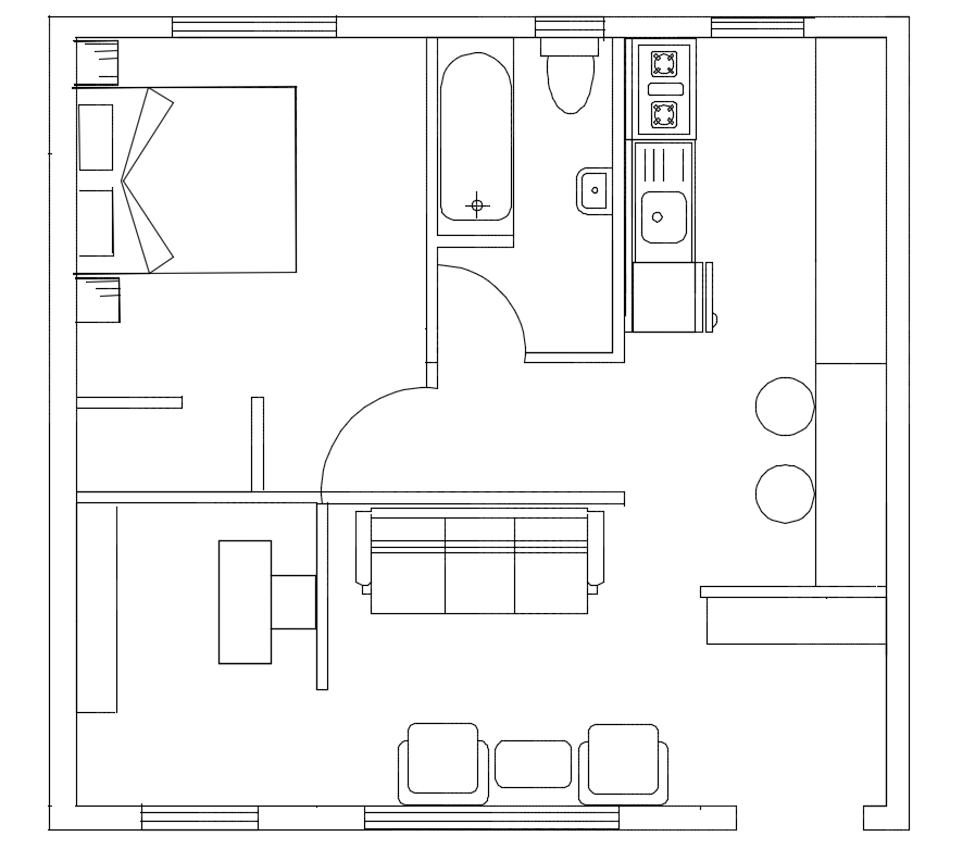 1bhk house plan full furnished drawing which includes one bedroom, bathroom, kitchen, and TV hall. Floor level details included.
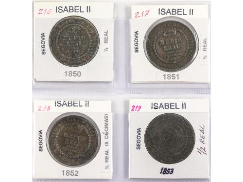 ISABEL II. Lote 4 monedas 1/2 Real. 1850 A 1853. SEGOVIA. AC-155/158. MBC- a MBC.
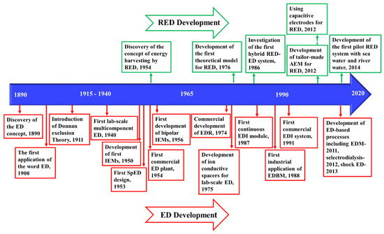 Timeline of the key developments of ED [9,121,218,221,223,224,225,226,227,228,229,230] and reverse electrodialysis (RED) [231,232,233,234,235,236,237].
******************************
Your objective:
Omit the pictures and reproduce the listing exactly.

Your solution:
 1bhk house plan full furnished drawing which includes one bedroom, bathroom, kitchen, and TV hall. Floor level details included.
 ISABEL II. Lote 4 monedas 1/2 Real. 1850 A 1853. SEGOVIA. AC-155/158. MBC- a MBC.
 Timeline of the key developments of ED [9,121,218,221,223,224,225,226,227,228,229,230] and reverse electrodialysis (RED) [231,232,233,234,235,236,237].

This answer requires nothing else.